3) Excessive and coarse Al is easily generated in the aluminum alloy with high Si and Mg contents8Mg5、Mg2The coarse Si phase and the lamellar eutectic Si phase are unevenly distributed, and the aluminum matrix is cracked, so that the elongation is reduced. Sr, Y and Ce are changed into Al8Mg5、Mg2The coarse Si phase and the eutectic Si phase provide heterogeneous nucleation and segregate to Al8Mg5、Mg2Si and eutectic Si interface prevents further growth of Al8Mg5、Mg2The coarse phase and the eutectic phase of Si are transformed into round, broken blocks and spheres, and are distributed in the aluminum matrix more uniformly, so that the aluminum matrix is reduced from cracking, and the elongation of the aluminum matrix is effectively improved.The refinement and the deterioration of the melt by the Y element change the supercooling capability of the melt, so that clusters are increased and reduced, the growth time is prolonged, the lapping time of dendrites is delayed, and the flowing performance is improved.

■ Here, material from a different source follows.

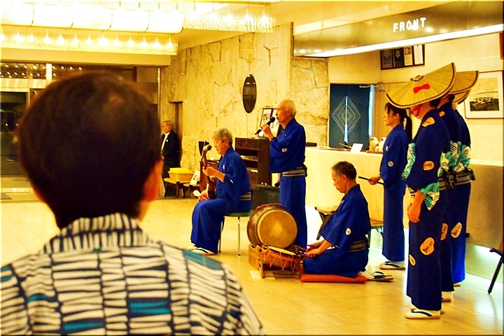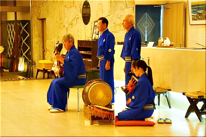 で、夕食を終えましたこの日の夜は、まず、佐渡おけさ公演≠鑑賞し、明日の夜に北沢浮遊選鉱場のライトアップ見物≠楽しみます事に(^.-)☆
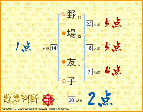 生活面を象徴する運勢です。外部から受ける影響力を表し、結婚運、家庭運や職場、環境への順応性を表します。総運から人運を引いた画数。姓や名が1文字の場合を除く。

4) The invention prepares Al-Ti, Al-Y, Al-Ce and Al-Sr intermediate alloy nano powder by a direct current arc plasma method, the basic principle of the direct current arc plasma method is that various atoms in an arc column are firstly ionized by utilizing the high temperature of an electric arc, on one hand, the generated heat causes direct thermal evaporation of metal, and more importantly, metal nano particles are prepared by a series of basic processes of metal atom evaporation, gas phase particle nucleation, crystal nucleus growth, condensation and the like under the action of plasmas of different active gases such as hydrogen and the like, and the average particle size is 30-50 nm. The Ti, Y, Ce and Sr can be distributed in the aluminum alloy more uniformly and the modification and refinement effects are more fully exerted. From thermodynamic analysis, at the eutectic temperature of the aluminum alloy, the nano-sized Ce can form CeH with H in the melt2When the temperature is reduced, stable hydride can be formed, the hydrogen fixing effect is exerted, the hydrogen content and the pinhole degree of the base body of the aluminum alloy are reduced, and the elongation of the die-casting alloy is further improved.
Drawings
Fig. 1 is a schematic diagram of a plate stretching structure in a mobile phone made of the materials described in examples 1 to 8.
Detailed Description
The following examples are given for the detailed implementation and specific operation of the present invention, but the scope of the present invention is not limited to the following examples.
Examples 1 to 8
A high-strength die-casting aluminum alloy material for a mobile phone middle plate comprises the following components in percentage by mass as shown in the following table 1, and the balance of aluminum and inevitable impurities.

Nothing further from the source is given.